WHAT THE TASK REQUIRES:
Where pictures appear, omit them, and copy exactly only the lines from the start of the listing through the line containing "6.1 Prezentarea societății", both included.

DATA EXCERPT:
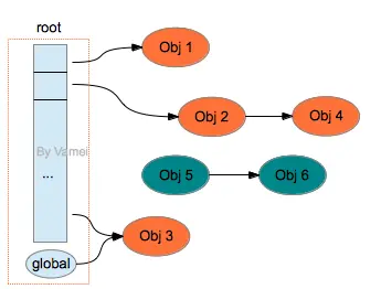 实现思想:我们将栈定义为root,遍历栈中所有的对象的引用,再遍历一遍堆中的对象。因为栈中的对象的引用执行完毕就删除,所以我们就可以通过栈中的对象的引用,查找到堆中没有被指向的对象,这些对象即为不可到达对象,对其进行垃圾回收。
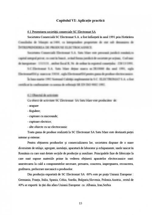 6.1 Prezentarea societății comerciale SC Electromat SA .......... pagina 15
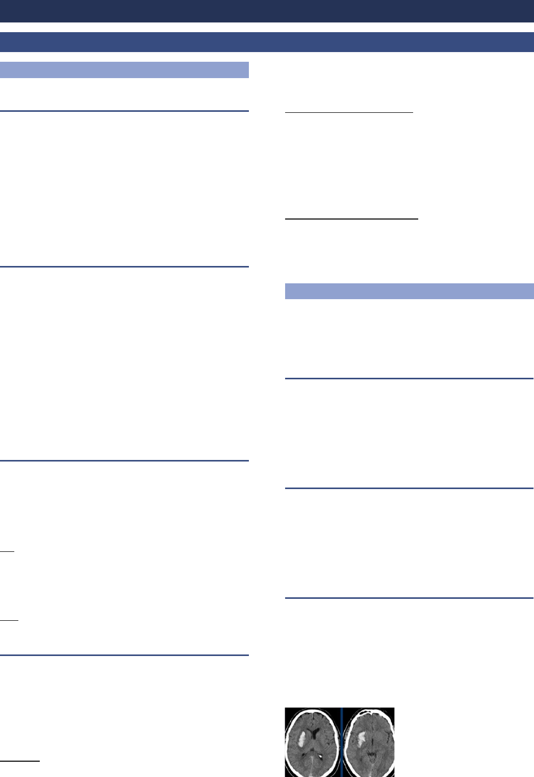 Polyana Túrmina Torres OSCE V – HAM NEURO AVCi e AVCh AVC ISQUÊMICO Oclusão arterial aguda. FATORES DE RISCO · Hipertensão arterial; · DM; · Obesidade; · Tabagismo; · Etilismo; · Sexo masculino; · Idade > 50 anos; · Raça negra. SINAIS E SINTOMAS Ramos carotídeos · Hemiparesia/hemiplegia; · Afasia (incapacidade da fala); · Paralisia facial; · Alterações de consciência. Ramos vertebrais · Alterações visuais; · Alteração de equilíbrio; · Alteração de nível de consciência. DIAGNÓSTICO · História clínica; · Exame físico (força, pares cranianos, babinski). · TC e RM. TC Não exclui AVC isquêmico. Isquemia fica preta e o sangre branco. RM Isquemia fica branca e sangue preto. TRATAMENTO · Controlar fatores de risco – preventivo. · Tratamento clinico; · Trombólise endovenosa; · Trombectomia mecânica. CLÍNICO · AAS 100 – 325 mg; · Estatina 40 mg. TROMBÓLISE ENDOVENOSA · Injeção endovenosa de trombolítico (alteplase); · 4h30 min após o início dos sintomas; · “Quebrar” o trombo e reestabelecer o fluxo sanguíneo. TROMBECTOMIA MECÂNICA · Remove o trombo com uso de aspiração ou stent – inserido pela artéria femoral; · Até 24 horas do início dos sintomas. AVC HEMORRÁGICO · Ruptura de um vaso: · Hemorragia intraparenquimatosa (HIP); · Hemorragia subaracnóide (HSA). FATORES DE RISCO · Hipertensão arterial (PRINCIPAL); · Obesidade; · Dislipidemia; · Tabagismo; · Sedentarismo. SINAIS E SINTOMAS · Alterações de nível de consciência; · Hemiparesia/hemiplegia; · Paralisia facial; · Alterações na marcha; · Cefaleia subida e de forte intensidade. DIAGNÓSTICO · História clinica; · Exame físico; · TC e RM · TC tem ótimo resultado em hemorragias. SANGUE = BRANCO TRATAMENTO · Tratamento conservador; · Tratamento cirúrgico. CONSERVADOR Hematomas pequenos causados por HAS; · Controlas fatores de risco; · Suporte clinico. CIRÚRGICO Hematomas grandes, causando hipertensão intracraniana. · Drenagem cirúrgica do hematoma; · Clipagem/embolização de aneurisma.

RESULT OF THIS TASK:
 实现思想:我们将栈定义为root,遍历栈中所有的对象的引用,再遍历一遍堆中的对象。因为栈中的对象的引用执行完毕就删除,所以我们就可以通过栈中的对象的引用,查找到堆中没有被指向的对象,这些对象即为不可到达对象,对其进行垃圾回收。
 6.1 Prezentarea societății comerciale SC Electromat SA .......... pagina 15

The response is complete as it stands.